Today I picked up a 16 GB Japanese iPhone. I wanted it for:
- Maps – quick access to GPS-like positioning (using cell towers) and a great map interface was honestly the number one draw. Navigating in Japan is hell. Most streets don’t have names. Being able to find where you are quickly is awesome.
- New iPod. Previously I had an old 1 GB iPod nano.
- Applications – after seeing some apps running on a friends iPod, I was impressed and wanted to check them out too. I’ve already got a Japanese dictionary and a nice application for accessing and uploading pictures to Flickr.
- Advanced web browser.
- Possibly doing some coding on it. The technology is pretty cool.
When I pulled it out of the box it is hard not to be wowed by the screen and interface. The pros of the iPhone are well documented on the web. Today I’m here to tell you what I’ve discovered, in less than 4 hours of owning an iPhone in Japan, what sucks about it. The hell of an iPhone in Japan:
- I was forced to change my e-mail address from my previous SoftBank phone’s e-mail even though that is the same carrier that provides the iPhone in Japan. I have to contact everyone on my contact list to tell them that I’ve changed it. My previous phone was immediatly deactivated so I didn’t have a chance to e-mail them using my old phone. That’s maybe not so bad, but…
- You can’t import your contact list from your old phone.
- SoftBank offers a way to download your old address book as a CSV file from the Internet but that file can’t be imported directly into the iPhone. Moreover, the Japanese text in that file was completely garbled on both my Mac and Windows PC running English operating systems. Clearly not using UTF-8 encoding. Useless.
- Lots of people in Japan set their cellphones to block all Internet e-mail addresses. The iPhone e-mail system is considered by the carriers as an Internet e-mail address. After painstakingly retyping in all of my contacts and trying to send an “hey, I updated my address” e-mail about half of my friends’ phones blocked my e-mail. Getting in contact with some of these people without being able to e-mail them is actually going to be a challenge. Arghh! Cellphone e-mail in general is often favored over phone calls, I don’t even have a lot of my friends’ phone numbers.
- The address book is incredibly slow as is the predictive Japanese dictionary. When you open it you literally have to wait about 5 seconds before you can press the “add contact” button, for example.

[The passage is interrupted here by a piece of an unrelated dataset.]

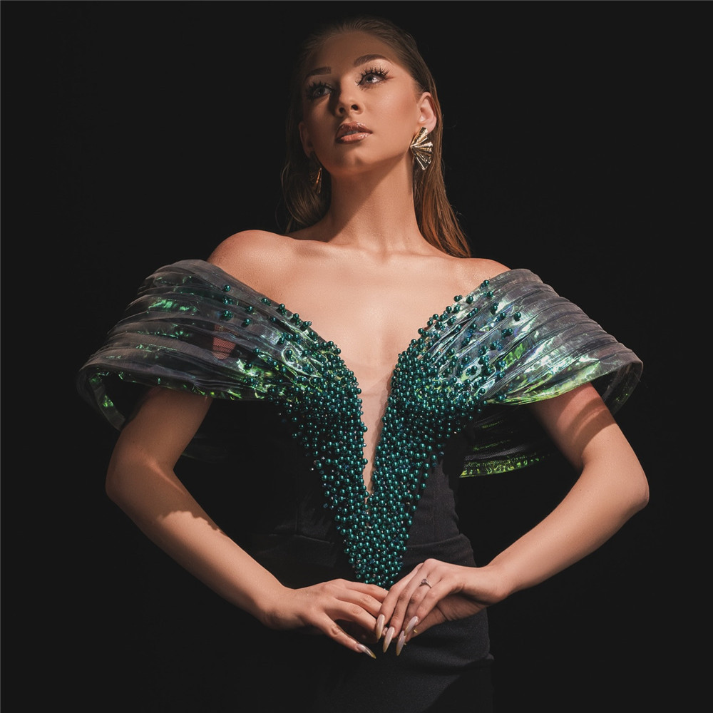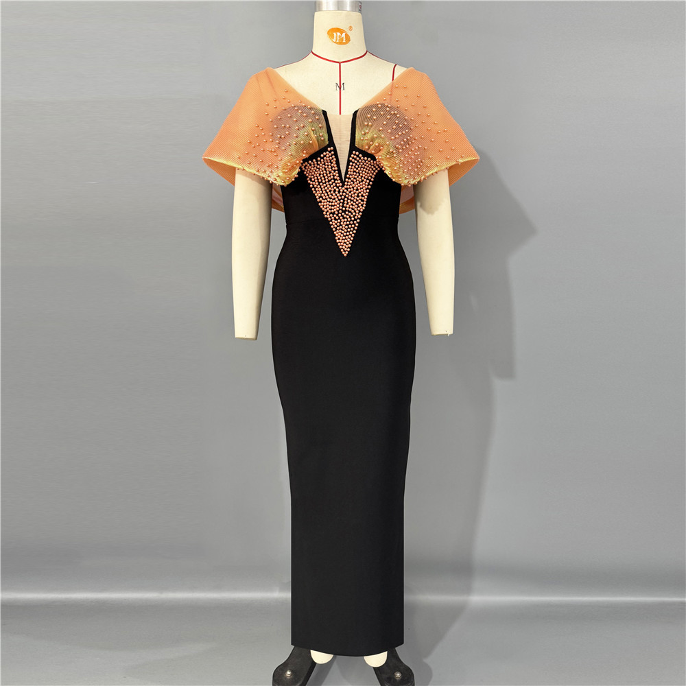 Cross border European and American new sexy V-neck nail bead design sense splicing bandage skirt banquet party evening dress long skirt

- You can’t sort the address book by hiragana characters, at least not while in English UI mode. All Japanese people are forced into the “other” group making finding people a lot harder.
- Nearly all Japanese cell phones support “kaomoji”, or face characters. They typically support tons of them – not just happy faces but also symbols for hopitals, getting a haircut, getting a massage, thumbs-up, etc. The iPhone does not support them at all and when you receive an e-mail that uses them the kaomoji is just a garbage character. Some people I know often substitute those characters instead of typing in the actual word in Japanese. Those e-mails are going to be gibberish on the iPhone. This is possibly the number one thing that screams “this is a phone from overseas”.

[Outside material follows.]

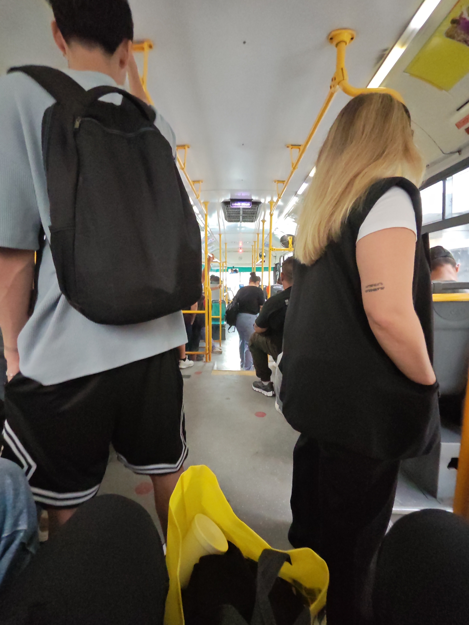 The image depicts the interior of a public bus, likely within the city of Buenos Aires, Argentina, based on the “CUIDADOS” signage above the seats, a common feature in Buenos Aires public transport. A man with a black backpack stands in the foreground, facing away from the camera. Beside him, a woman with blonde hair, wearing a black vest over a white t-shirt, stands with her hands in her pockets. In the background, several other passengers are visible, some seated and some standing, indicating a moderately crowded bus. Yellow handrails run along the ceiling for passengers to hold onto. Near the camera, a yellow shopping bag is also visible. The environment suggests a typical urban commuting scene.

I’m sure there are other hidden gems waiting for me to discover. I’m praying Apple will update their firmware to better serve the Japanese market. They also need to work with the other carriers besides SoftBank to treat e-mails that originate from the iPhone as cellphone e-mails. Honestly, most Japanese people I have spoken to who have an iPhone are bitching about more than singing its praises.